WHAT THIS TASK INVOLVES: A word-for-word copy of the listing is required, and it must contain no pictures.

THE INPUT:
==*==
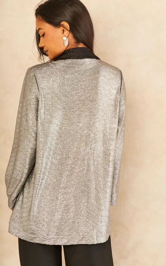 Dazzle on the dancefloor in this striking silver blazer! The one piece wonder that elevates any outfit
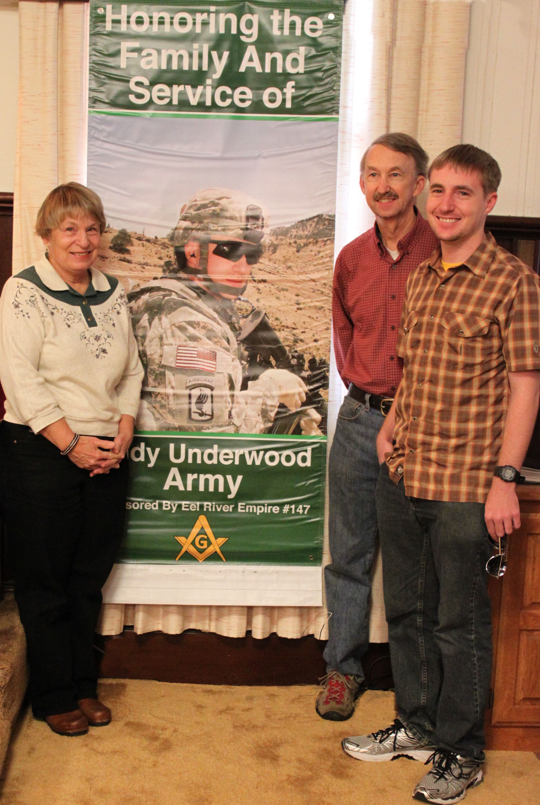 Andy is shown in the accompanying picture with his parents and the banner honoring him for his service to his country. The banner was displayed on Main Street, Fortuna, but was removed for the Christmas season, it is hoped that it will again be displayed  following the holidays.
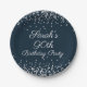 Navy Blue Silver Glitter 90th Birthday Party Paper Plate
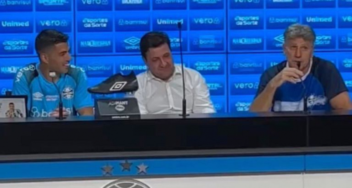 O técnico não perdeu a oportunidade de brincar com o camisa 9 e, durante a entrevista coletiva de despedida do astro, o entregou um DVD com seus lances. Suárez levou completamente na esportiva, riu e deu um abraço em Renato.
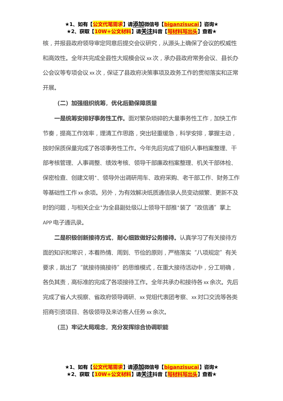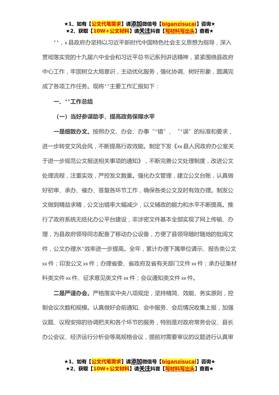 ★1、如有【公文代笔需求】请添加微信号【biganzisucai】咨询★★2、获取【10W+公文材料】请关注抖音【写材料写出头】查看★**,x县政府办坚持以习近平新时代中国特色社会主义思想为指导,深入贯彻落实党的十九届六中全会和习近平总书记系列讲话精神,紧紧围绕县政府中心工作,牢固树立大局意识,主动优化服务,强化协调、树好形象,圆满完成了各项工作任务。现将**主要工作汇报如下:一、**工作总结(一)当好参谋助手,提高政务保障水平一是细致办文。按照办文、办会、办事“*错”、“*误”的标准和要求,进一步转变文风会风,不断提高行政效能。制定下发《xx县人民政府办公室关于进一步规范公文报送相关事项的通知》,不断完善公文处理制度,改进公文处理流程,注重实效,严控发文数量。强化办文管理,建立公文...
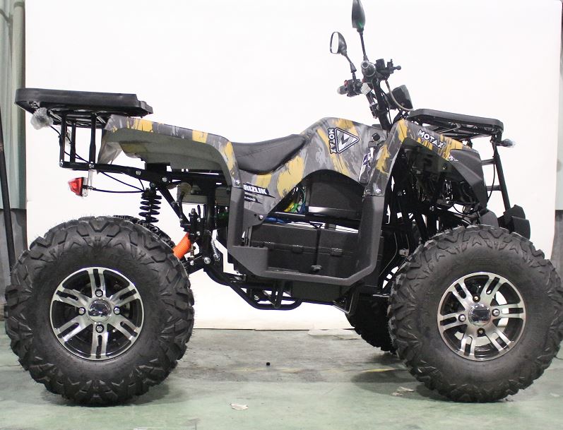 Техническое оснащение включает мощный электродвигатель 3000W 72V с крутящим моментом 252.3N.M и батарею из шести элементов по 12V52AH. Полуавтоматическая трансмиссия 1+1 обеспечивает комфортное управление. Квадроцикл комплектуется шоссейной резиной размерностью 23×7-10 спереди и 22×10-10 сзади, установленной на легких алюминиевых дисках.
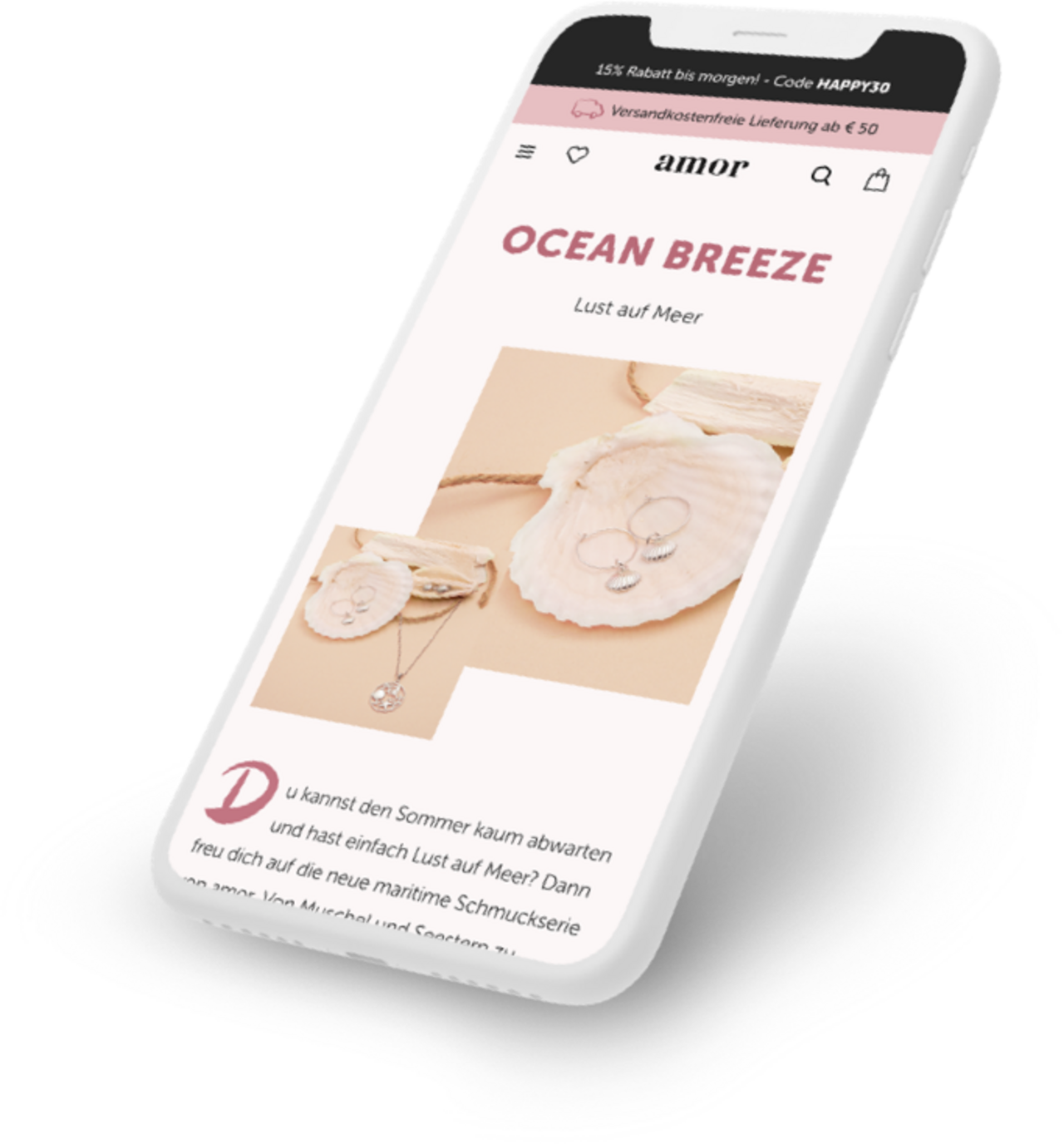 Die Markenbotschaft von AMOR vermittelt sich schon beim ersten Klick dank vieler Designelemente, die harmonisch miteinander verwoben sind und ein vielversprechendes Kundenerlebnis erlauben. Dieses positive Erlebnis gilt vor allem für das wichtigste Verkaufsportal: die mobile Seite von AMOR.de. Mobil First in Spitzenqualität.
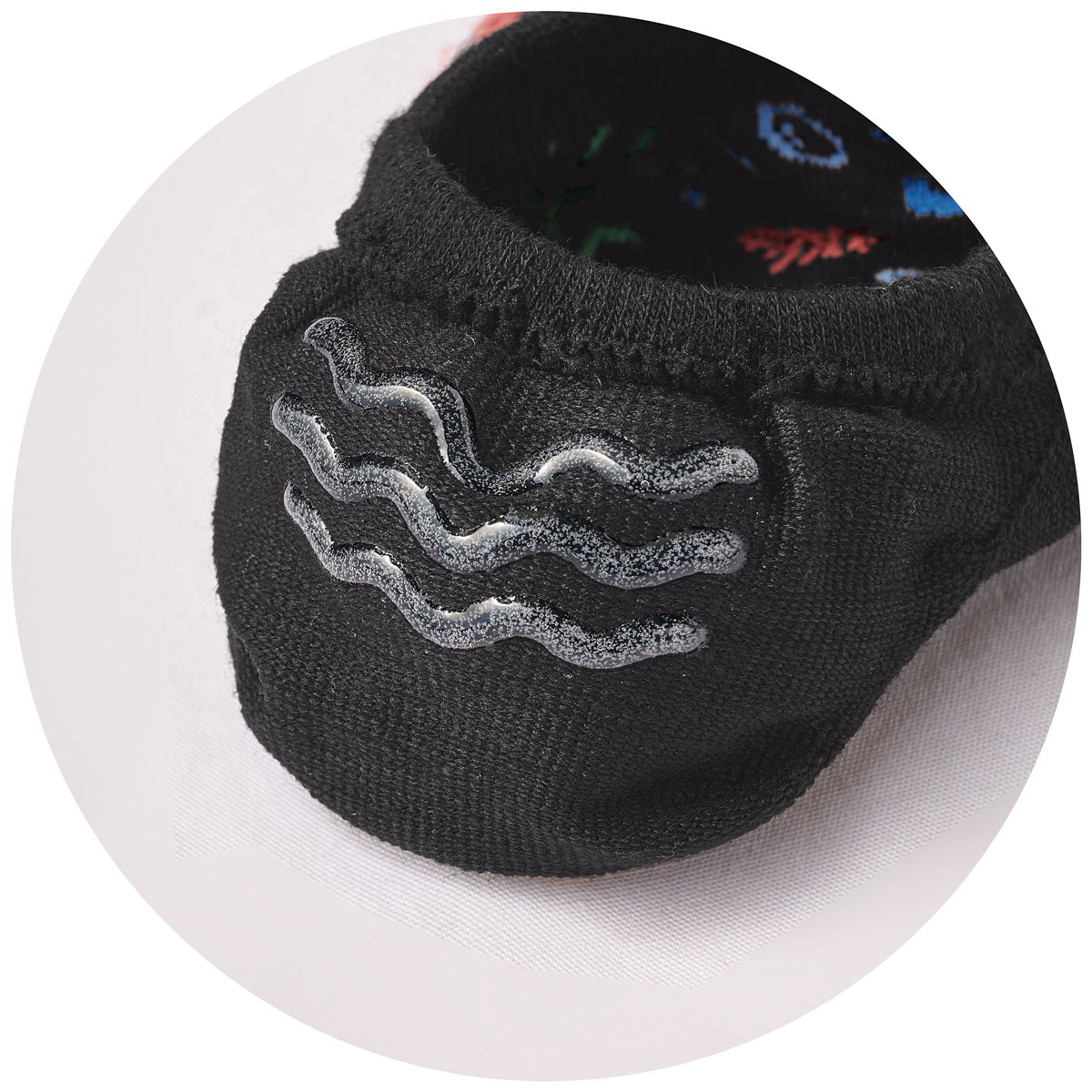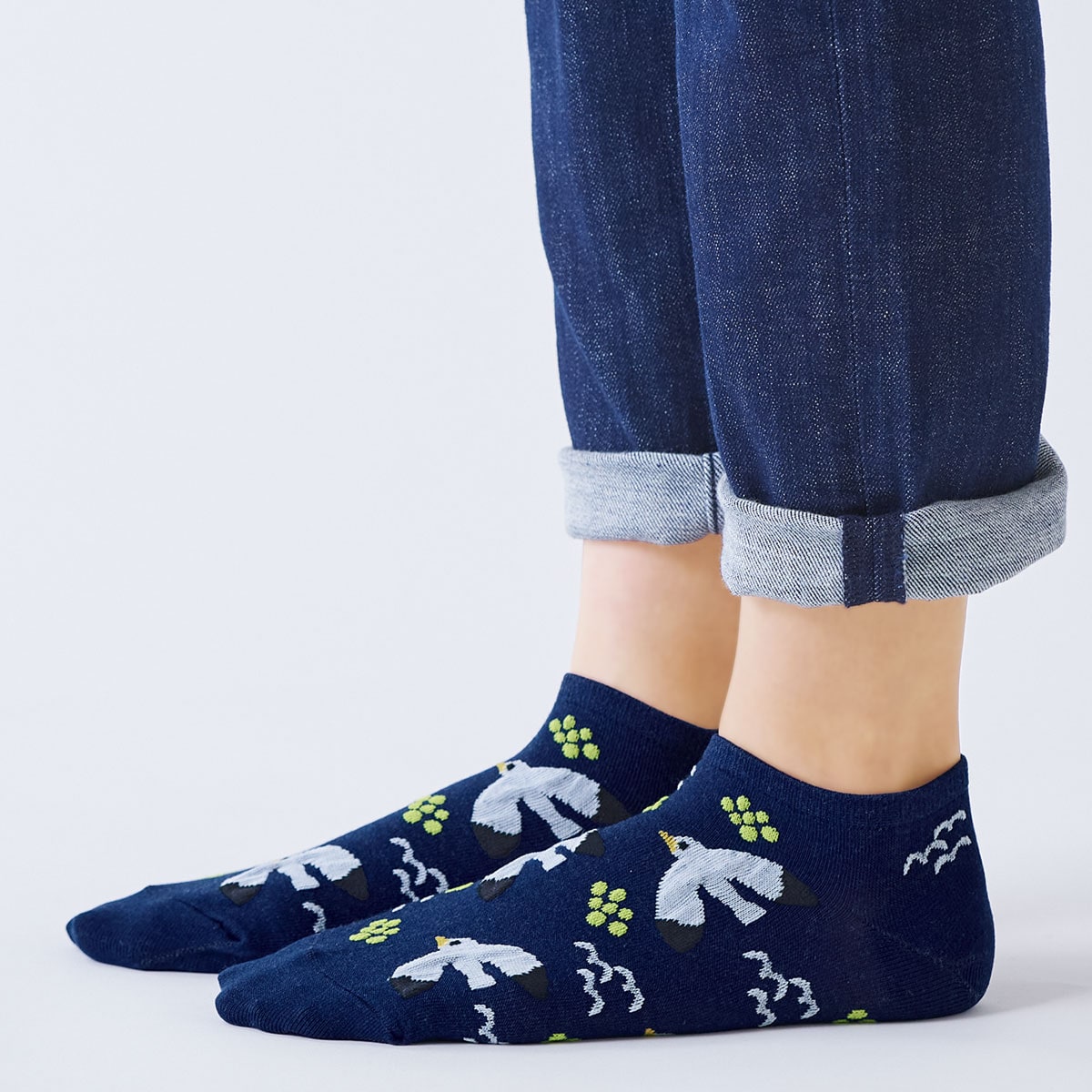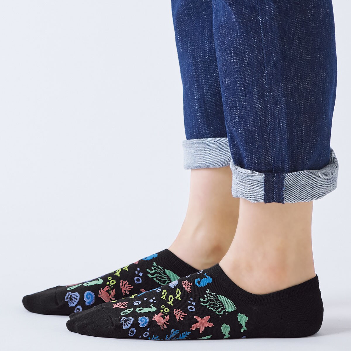 海にまつわる柄を配したスニーカー丈のソックスです。柄の一部に蛍光色をポイント使いして、元気さのある印象に仕上げました。スニーカーの履き口からすこし靴下がのぞくスニーカー丈と、ほとんど見えないスニーカーインの2タイプです。スニーカーインには、かかと裏にすべり止めを付けて脱げにくくしています。
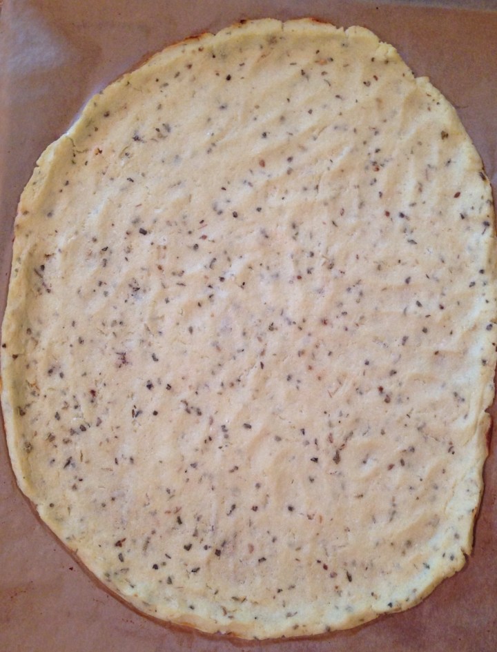 -On your coated cookie sheet, add your ball of dough, and carefully spread it out into a circle with your fingers.(Like pictured above) don’t make it paper thin.
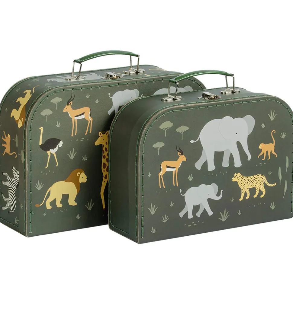 Fint A Little Lovely Company kuffertsæt bestående af to kufferter i mørkegrøn med et alloverprint af savannedyr i forskellige farver.
==*==
ANSWER TO THE EXERCISE:
 Dazzle on the dancefloor in this striking silver blazer! The one piece wonder that elevates any outfit
 Andy is shown in the accompanying picture with his parents and the banner honoring him for his service to his country. The banner was displayed on Main Street, Fortuna, but was removed for the Christmas season, it is hoped that it will again be displayed  following the holidays.
 Navy Blue Silver Glitter 90th Birthday Party Paper Plate
 O técnico não perdeu a oportunidade de brincar com o camisa 9 e, durante a entrevista coletiva de despedida do astro, o entregou um DVD com seus lances. Suárez levou completamente na esportiva, riu e deu um abraço em Renato.
 ★1、如有【公文代笔需求】请添加微信号【biganzisucai】咨询★★2、获取【10W+公文材料】请关注抖音【写材料写出头】查看★**,x县政府办坚持以习近平新时代中国特色社会主义思想为指导,深入贯彻落实党的十九届六中全会和习近平总书记系列讲话精神,紧紧围绕县政府中心工作,牢固树立大局意识,主动优化服务,强化协调、树好形象,圆满完成了各项工作任务。现将**主要工作汇报如下:一、**工作总结(一)当好参谋助手,提高政务保障水平一是细致办文。按照办文、办会、办事“*错”、“*误”的标准和要求,进一步转变文风会风,不断提高行政效能。制定下发《xx县人民政府办公室关于进一步规范公文报送相关事项的通知》,不断完善公文处理制度,改进公文处理流程,注重实效,严控发文数量。强化办文管理,建立公文...
 Техническое оснащение включает мощный электродвигатель 3000W 72V с крутящим моментом 252.3N.M и батарею из шести элементов по 12V52AH. Полуавтоматическая трансмиссия 1+1 обеспечивает комфортное управление. Квадроцикл комплектуется шоссейной резиной размерностью 23×7-10 спереди и 22×10-10 сзади, установленной на легких алюминиевых дисках.
 Die Markenbotschaft von AMOR vermittelt sich schon beim ersten Klick dank vieler Designelemente, die harmonisch miteinander verwoben sind und ein vielversprechendes Kundenerlebnis erlauben. Dieses positive Erlebnis gilt vor allem für das wichtigste Verkaufsportal: die mobile Seite von AMOR.de. Mobil First in Spitzenqualität.
 海にまつわる柄を配したスニーカー丈のソックスです。柄の一部に蛍光色をポイント使いして、元気さのある印象に仕上げました。スニーカーの履き口からすこし靴下がのぞくスニーカー丈と、ほとんど見えないスニーカーインの2タイプです。スニーカーインには、かかと裏にすべり止めを付けて脱げにくくしています。
 -On your coated cookie sheet, add your ball of dough, and carefully spread it out into a circle with your fingers.(Like pictured above) don’t make it paper thin.
 Fint A Little Lovely Company kuffertsæt bestående af to kufferter i mørkegrøn med et alloverprint af savannedyr i forskellige farver.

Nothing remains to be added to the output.